How Faster Prep Systems Changed Cooking Behavior Overnight
This case study isn’t about learning new recipes or improving cooking skills. It’s about what happens when you change the workflow.
Even with the intention to cook more often, the process felt too slow to sustain consistently.
Until the process becomes easier, behavior rarely changes.
As a result, cooking was inconsistent, often replaced by takeout or quick, less healthy alternatives.
Using a faster prep method, such as a vegetable chopper, eliminated the most time-consuming part of website cooking.
When prep time dropped, the mental barrier to cooking disappeared. There was no longer a need to convince themselves to cook—it became the default option.
The system didn’t just change how cooking was done—it changed how cooking was perceived.
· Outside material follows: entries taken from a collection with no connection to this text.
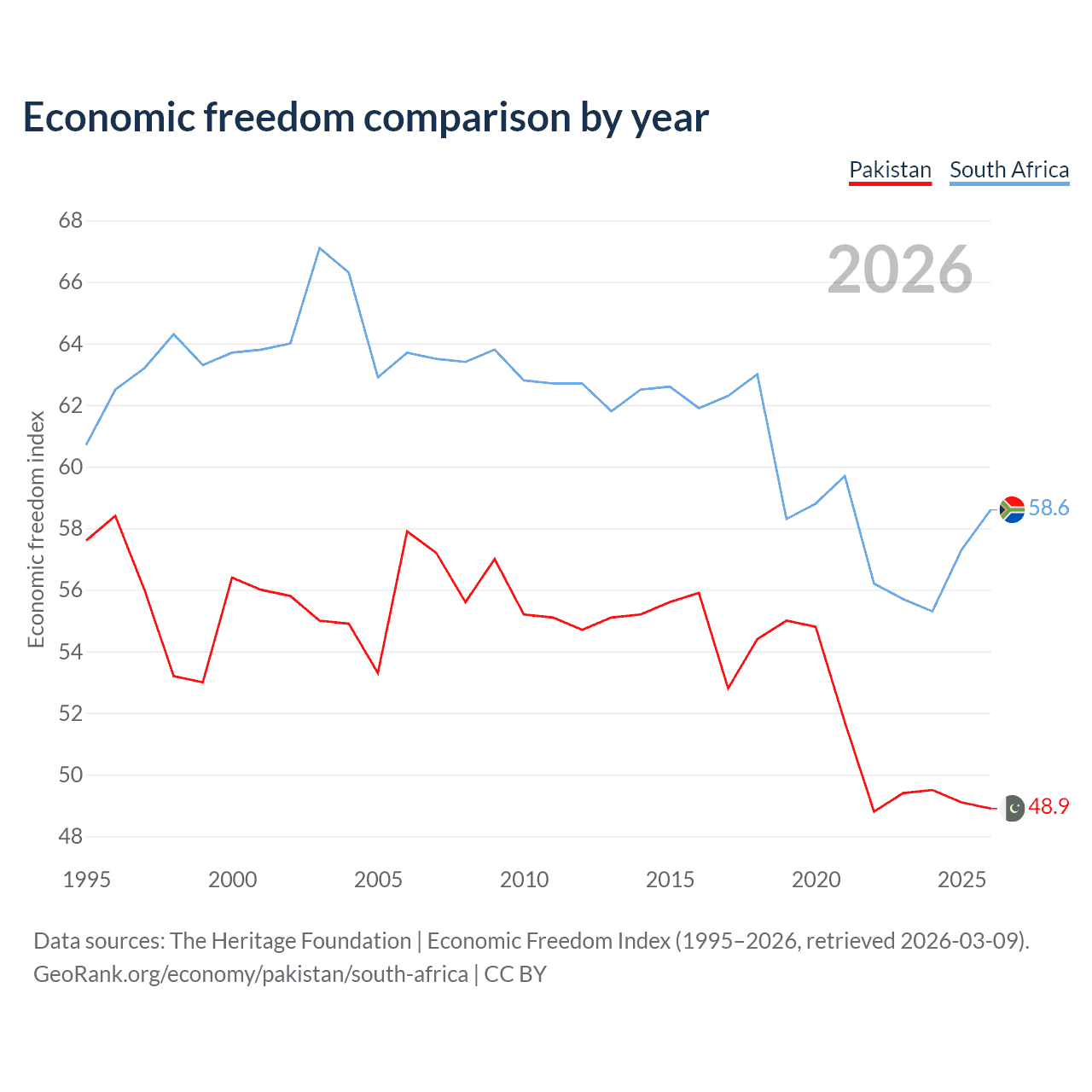 Data sources: The Heritage Foundation | Economic Freedom Index (1995–2026, retrieved 2026-03-09).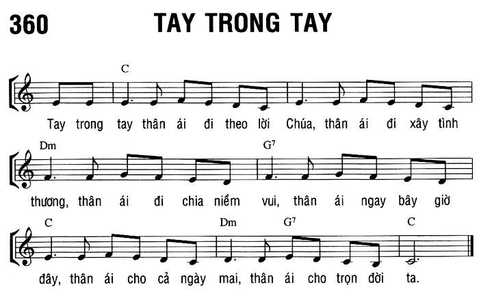 1. Tay trong tay thân ái đi theo lời Chúa, thân ái đi xây tình thương, thân ái đi chia niềm vui, thân ái ngay bây giờ đây, thân ái cho cả ngày mai, thân ái cho trọn đời ta.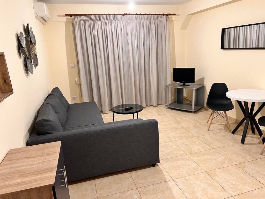 Διαμέρισμα 1ου υπεριψωμένου ορόφου , 55τμ, με σαλοκουζίνα, 1υπνοδωμάτιο κ 1μπάνιο. Θερμαίνεται με 1aircondition στο σαλόνι κ 1aircondition στο υπνοδωμάτιο. Πολύ καλή τοποθεσία, κοντά σε φαρμακείο, φούρνο, γιατρούς. Διαθέτει σίτες στις μπαλκονόπορτες. Μπαλκόνι με θέα τις 6 βρύσες. Επιπλωμένο με καινούριες ηλεκτρικές συσκευές(πλυντήριο ρούχων, ψυγείο, κουζίνα). Ιδανικό για ένα ή δύο άτομα.
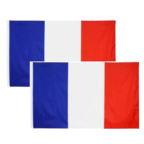 XMASIR - 2 × علم فرنسي 90 × 150 سم مع ثقوب من البوليستر والنحاس من اكسماسير بالوان زاهية للاستخدام الخارجي والداخلي

What makes this transformation powerful is not the tool itself, but the mechanism behind it: friction reduction.
The easier it feels, the less resistance it creates.
This case study highlights a critical insight: you don’t need to change your goals—you need to change your system.
And when behavior becomes consistent, results become predictable.
More importantly, those time savings reduce decision fatigue, making it easier to stick to healthy habits.
And sustainability is what ultimately determines whether a habit lasts.
Once the system is in place, everything else becomes easier.
Because when the path is easy, it gets followed.